Examples of this trend abound: From the assault of a man carrying an American flag (in an ironic twist, the victim of the vicious beating happened to be a Bernie Sanders supporter) to the internal backlash at Google over the company’s work with the federal government, including the Department of Defense.
One bizarre incident reported Tuesday by the Stamford Review stands out not just because it happened at Stanford, an elite American University, but also because it was seemingly unprovoked. The paper published a column retelling how a campus administrator had recommended that a fraternity called Sigma Chi (a fraternity that was disbanded following a probationary period last year) remove an American flag flying outside the house. The administrator – identified only as “Mr. Z” – suggested that flying the star-spangled banner could be interpreted as aggressive or jingoistic by some members of the community, and that, if Sigma Chi wanted to ingratiate itself with its neighbors (and presumably the administration) it should consider un-hoisting the flag to help “improve its image” in the community.
This context of a friendly relationship with Mr. Z made the following incident all the more surprising. One night during Autumn 2017, Lozano recounted, Mr. Z was invited to eat dinner at Sigma Chi. While discussing improving the fraternity’s image with the university, Mr. Z offhandedly suggested that Sigma Chi remove the potentially discomforting symbol outside: the American flag flown in front of the house. Mr. Z urged Sigma Chi to consider the image being presented to the rest of campus by flying the flag out front. He furthered that if Sigma Chi wished to break away from stereotypes that plagued the house and to change its perception on campus, its members should contemplate un-hoisting the American flag.
While this remark was just one in a larger discussion on rebranding the house, it stands out. Mr. Z’s recommendation insinuated not only that the flag made others uncomfortable but that its being flown tainted Sigma Chi’s reputation and, presumably, worsened its chance of survival. Lozano understood Mr. Z to imply that the American flag, as a symbol, could be intimidating, aggressive or alienating. Mr. Z’s tone further signaled to Lozano that he found the mere sight of the American flag to be offensive.
The students who spoke with the Review recalled that they were initially confused by Mr. Z’s remark, because they didn’t understand how anybody could interpret hanging an American flag on American soil as an offensive act. The members of the fraternity surveyed the surrounding area and found several buildings – including several owned by the university – where American flags had been hanging. Still reeling from the suggestion, the fraternity decided to double down: Instead of removing the flag, they bought an even larger flag.
The remark was, according to Lozano, out of the blue and incongruent with the candid rapport they had shared with Mr. Z up and until then. Furthermore, they wondered, since when is an American flag flown at an institution in the United States offensive?

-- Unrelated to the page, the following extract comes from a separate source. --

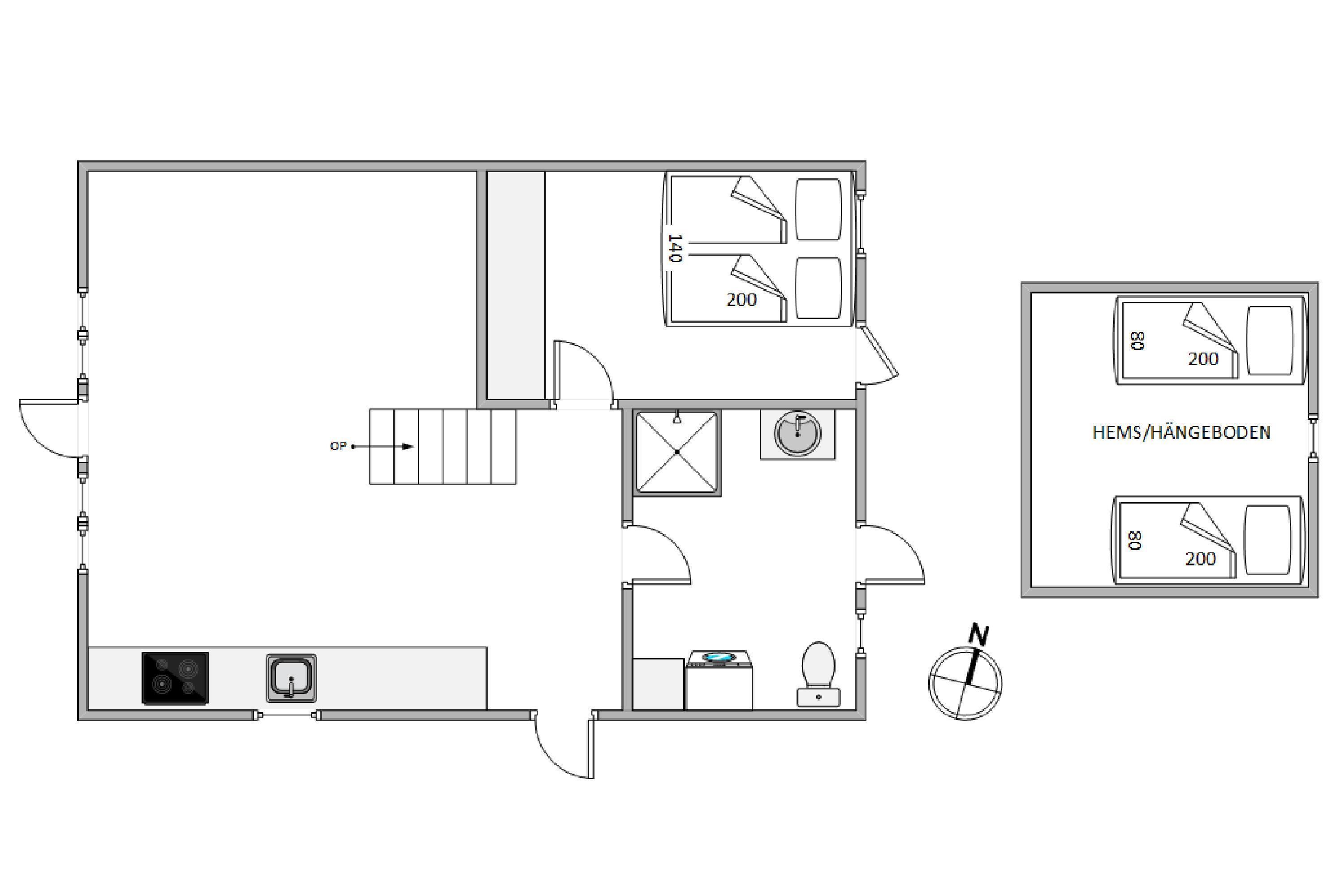 This cosy house radiates a pleasant atmosphere and accommodates up to 4 people. It's ideal for a small family or a romantic getaway for two. The bright, spacious living area with its well-equipped kitchen invites you to spend quality holiday time together. The high, bright ceiling and skylights make the interior feel much more spacious than the exterior suggests. Large windows flood the rooms with natural light. The bathroom was renovated in 2017.

Lozano later observed that right down the road from Sigma Chi, an American flag is flown outside Stanford’s Post Office. Similarly, he noted, an American flag is flown outside Green Library’s Bing Wing and was once flown outside Memorial Auditorium, which commemorates fallen Stanford soldiers from WWI onward. According to Lozano’s knowledge, Mr. Z raised no objections to the Dominican flag flown by a student from his bedroom window in Sigma Chi or to the Palestinian flag which was hung across the street at Columbae.
In protest of Mr. Z’s suggestion, the house declined to remove the flag, instead choosing to replace it with an even bigger one. Some members, of course, abstained from the discussion about and decision to purchase a bigger flag. The following day, by Lozano’s doing, Sigma Chi upgraded from a three-by-five-foot flag to a four-by-six-foot flag. The former flag was then framed and placed on display inside the house. This decision was, in Lozano’s words, a “silent but visible protest” against the classification of the American flag as a potentially stigmatizing symbol by a member of the Stanford administration.
Though the reasons for its dispersal are unclear, Sigma Chi was banned from the university shortly after the incident.
While it’s unclear whether the flag gestured had anything to do with the ban, at least the students were able to move on with their dignity intact.